Thursday, October 8, 2009

"Adding Flavor to AdS4/CFT3"

I thought I would try to write short summaries of interesting talks I attend here in Oxford. The first one of Hilary term is

Adding Flavor to AdS4/CFT3 by Andy O'Bannon from the Max Planck Institut in Munich, based on 0909.3845.

The motivation is that the AdS/CFT correspondence only really becomes useful for applications (quark-gluon plasma at RHIC, condensed matter systems, often 3-dimensional) when it involves not only fields in the adjoint representation of the gauge group---strings starting and ending on the same brane---but also fields in the fundamental representation. For this one needs to add new branes so that strings can stretch between different branes.

Such procedure is well-understood in the AdS5/CFT4 context: the supergravity action acquires a new term describing the new Dp-branes (be it D5 or D7), $\large S_{10d} = S_{IIB} + S_{Dp}$, and this is dual to super-Yang-Mills with flavors in 4d, $S_{4d} = S_{\mathcal{N}=4} + S_{\text{flavor}}$. The story in M-theory is less understood. The "membrane minirevolution" (as Lubos calls it) led to a duality between $N_c$ M2-branes with a $AdS_4 \times S^7/\mathbb{Z}_k$ horizon, and a (2+1)dimensional Chern-Simons theory with N=6 supersymmetries with fields in the bifundamental of $U(N_c)_k \times U(N_c)_{-k}$. This is the famous ABJM theory (see Klebanov & Torri for a recent review). The goal of the talk is to understand what happens on the field theory side when on add M5-branes. What is the $S_{\text{flavor}}$ dual to $S_{M5}$?

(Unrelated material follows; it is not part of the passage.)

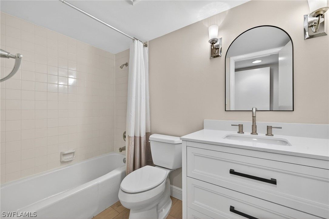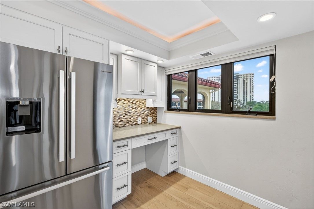 Set high above it all, this top-floor corner residence delivers a rare sense of quiet, space, and visual drama. From nearly every angle, sweeping views unfold across shimmering lake waters, manicured golf greens, glowing sunsets, and the soft sparkle of evening lights. A generous wraparound lanai of approximately 440 feet captures cooling cross-breezes and creates a seamless indoor–outdoor living experience. Inside, the home has been thoughtfully reimagined with warm wood-look tile flooring and a refined, contemporary aesthetic. The updated kitchen features quartz countertops, Bosch appliances, soft-close cabinetry with roll-out storage, and a built-in workspace ideal for remote work or everyday planning. The owner’s suite is both spacious and serene, highlighted by a redesigned bath with a frameless glass shower, dual quartz-topped vanities, and a walk-in closet. Hurricane-rated sliding doors provide added peace of mind, while recent upgrades—including the HVAC system, water heater, washer, and dryer—enhance comfort and reliability. Located within Chateaumere, a beautifully maintained 10-acre enclave, residents enjoy three resort-style pools and spa, an award-winning community room, fitness facilities, an active social calendar, guest suites, under-building parking, and attentive on-site management. Just moments away, Pelican Bay offers exclusive access to private beach clubs with two beachfront dining options, cabana service, and world-class tennis, along with an upcoming racquets center featuring pickleball and Har-Tru courts. The location is exceptional, with close proximity to Waterside Shops, Artis–Naples, Mercato, and some of Naples’ most acclaimed dining and cultural destinations. This residence offers an elevated lifestyle defined by views, comfort, and one of Naples’ most desirable coastal settings.

Since the whole heuristic argument is based on being able to use the intuition of a string stretched between different branes being in the fundamental, and since there is no string in M-theory, the strategy is to start with type IIB supergravity with $N_c$ D3-branes, add Dp-branes and NS5-branes to get some flavor, and then T-dualise to IIA and lift to eleven-dimensional supergravity, the low-energy limit of M-theory. Here is roughly how it goes.

The D3-branes are first considered as hanging along one direction between two NS5-branes, as so (thanks to Cyril for allowing me to use his drawing device:):
Now perform a dimensional reduction on this compact interval and you get a (2+1)d SYM with N=4 and gauge group $U(N_c)$. If you replace one NS5 by a (1,k)5 = NS5 + k D5, then you get (after considering bounday terms...) a Chern-Simons theory with level k. Pretty close already!

Now consider two stacks of D3-branes stretched between the (1,k)5 and the NS5
(the (1,k)5 has to be tilted to preserve N=3 superymmetries, with and angle $\large \tan\theta = k$):
What you get now is a CS theory with N=3 and fields in the bifundamental of $U(N_c)_k \times U(N_c)_{-k}$, which is starting to realy look like the ABJM theory. The superymmetry can be enhanced because of Kaluza-Klein monopoles (which correspond on the field theory side to take the low energy limit by integrating out masses greater than $g_{YM}^2 k$) but Andy passed over this important subtlety, and so do I.

All that is left to do is to T-dualise this whole brane construction and lift to eleven dimensions to produce M2-branes and Kaluza-Klein monopoles (which are described purely geometrically...):
\[D3 \to D2 \to M2 \]
\[NS5 \to KK \to KK \]
\[(1,k)5 \to KK + D6 \to KK'\]
The KK monopoles interesect at a $\mathbb{C}^4/\mathbb{Z}_k$ orbifold singularity, and placing $N_c \to \infty$ M2-branes at this singularity produces a near-horizon geometry $AdS_4 \times S^7/\mathbb{Z}_k$, which is dual to the ABJM theory.

So now to understand flavors in AdS4/CFT3 you can add some Dp-branes in the IIB background and repeat this translation procedure to M-theory. Andy went through two examples, one with D5-branes, the other with D-branes, and showed that they in fact both lead to the same CS theory with flavor and $SU(4) \times U(1)$ isometry.

He finished by mentioning an application: fractional quantum Hall effect.